_PROBLEM_
Restate the listing word for word. Stop at the line that holds "Свердла для точкового", include it, and leave out all pictures.

_MATERIAL PROVIDED_
※

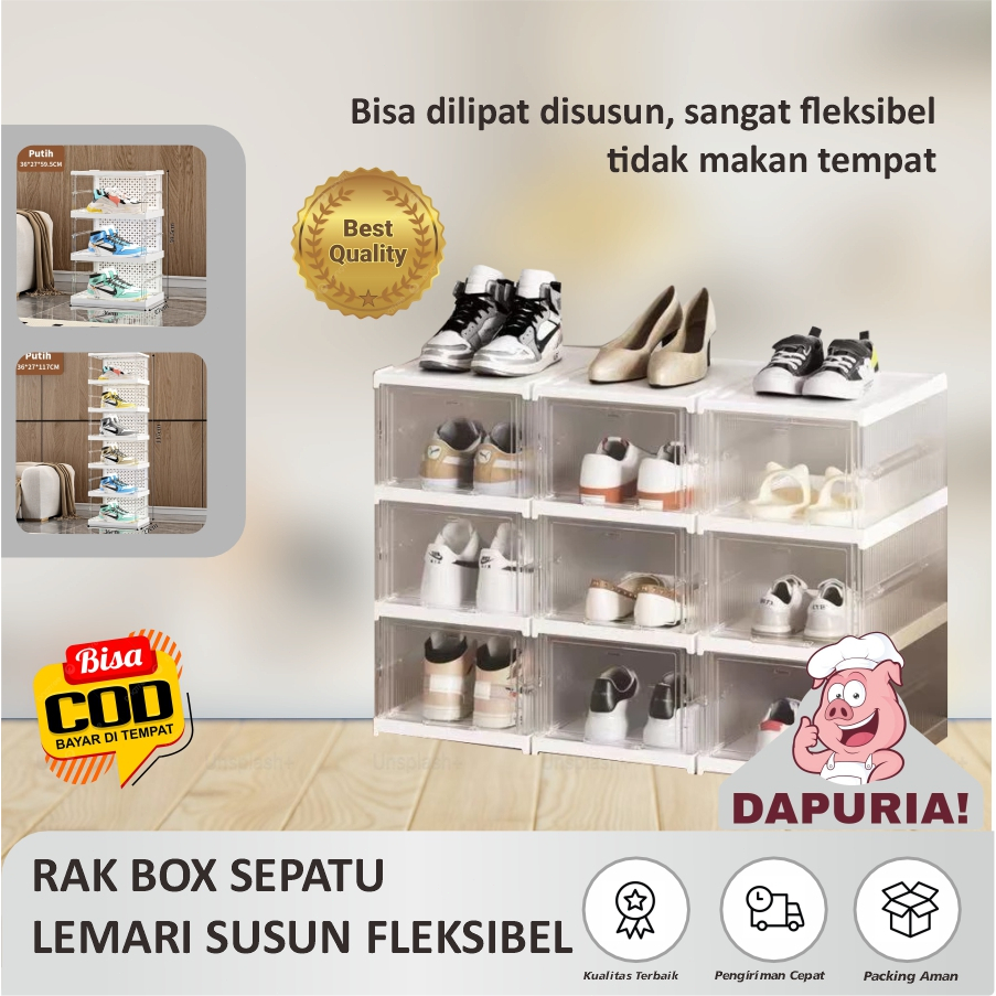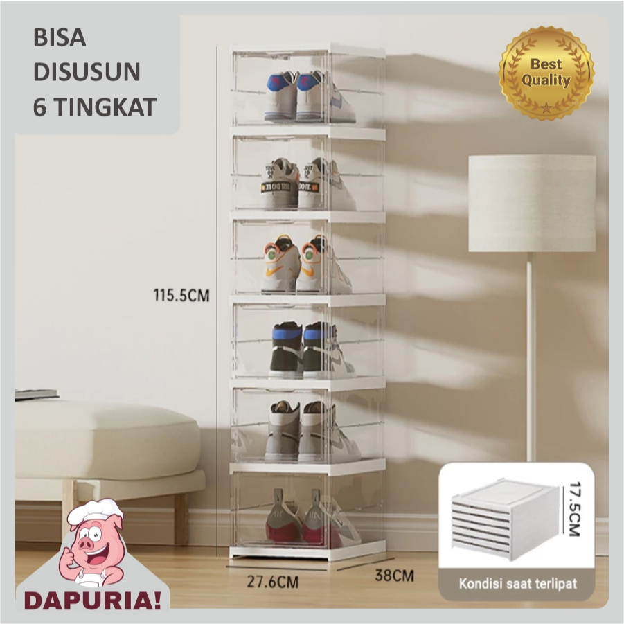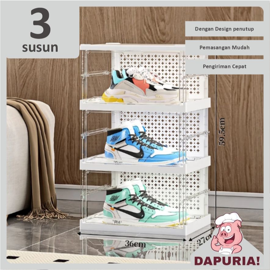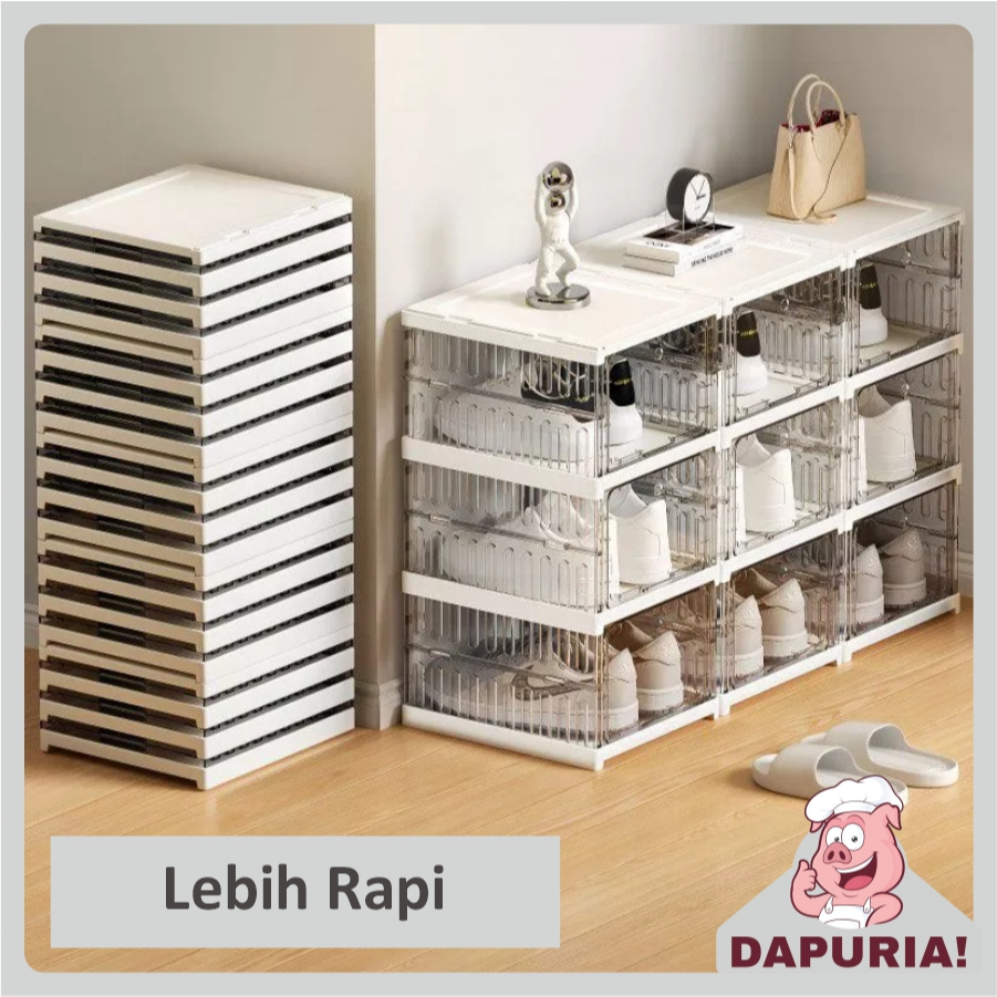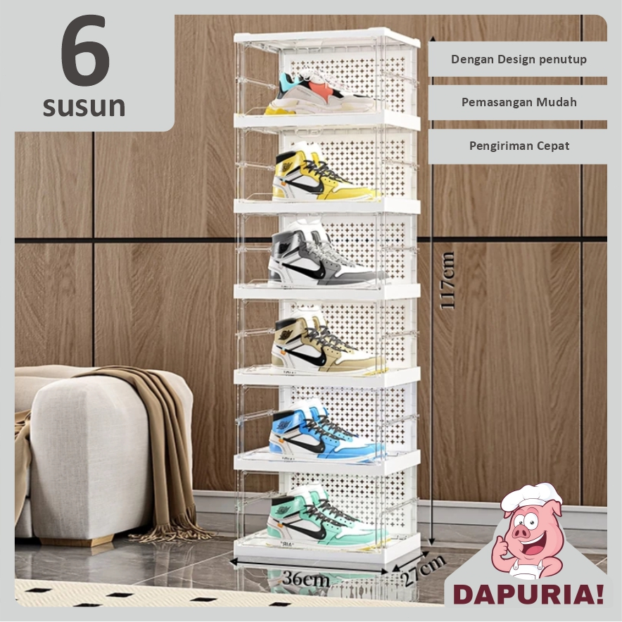 Rak Sepatu Anti Debu Rak Sepatu Susun Rak Sepatu Lipat Lemari Sepatu Multifungsi 3-6 Tingkat
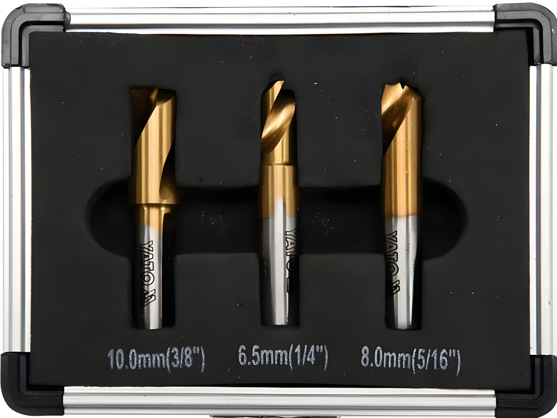 Свердла для точкового зварювання HSS YATO діаметрами 6.5, 8, 10 мм, набір, 3 шт. у футлярі
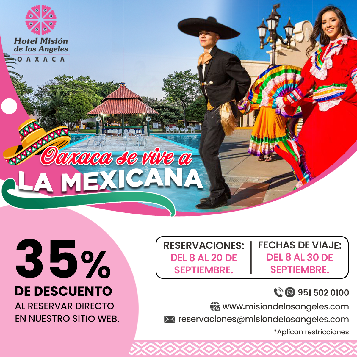 Misión de los Ángeles, combina esa irresistible sensibilidad oaxaqueña en cada rincón, está rodeado de hermosos y extensos jardines, en donde podrá gozar de tranquilidad y esparcimiento. La sazón de su cocina oaxaqueña es reconocida por el paladar más exigente. Quien visita Oaxaca no debe dudar en hospedarse en Misión de los Ángeles, es el lugar ideal tanto para tomar unas placenteras y tranquilas vacaciones, como para realizar reuniones de trabajo, congresos y convenciones.

※

_PROBLEM SOLUTION_
 Rak Sepatu Anti Debu Rak Sepatu Susun Rak Sepatu Lipat Lemari Sepatu Multifungsi 3-6 Tingkat
 Свердла для точкового зварювання HSS YATO діаметрами 6.5, 8, 10 мм, набір, 3 шт. у футлярі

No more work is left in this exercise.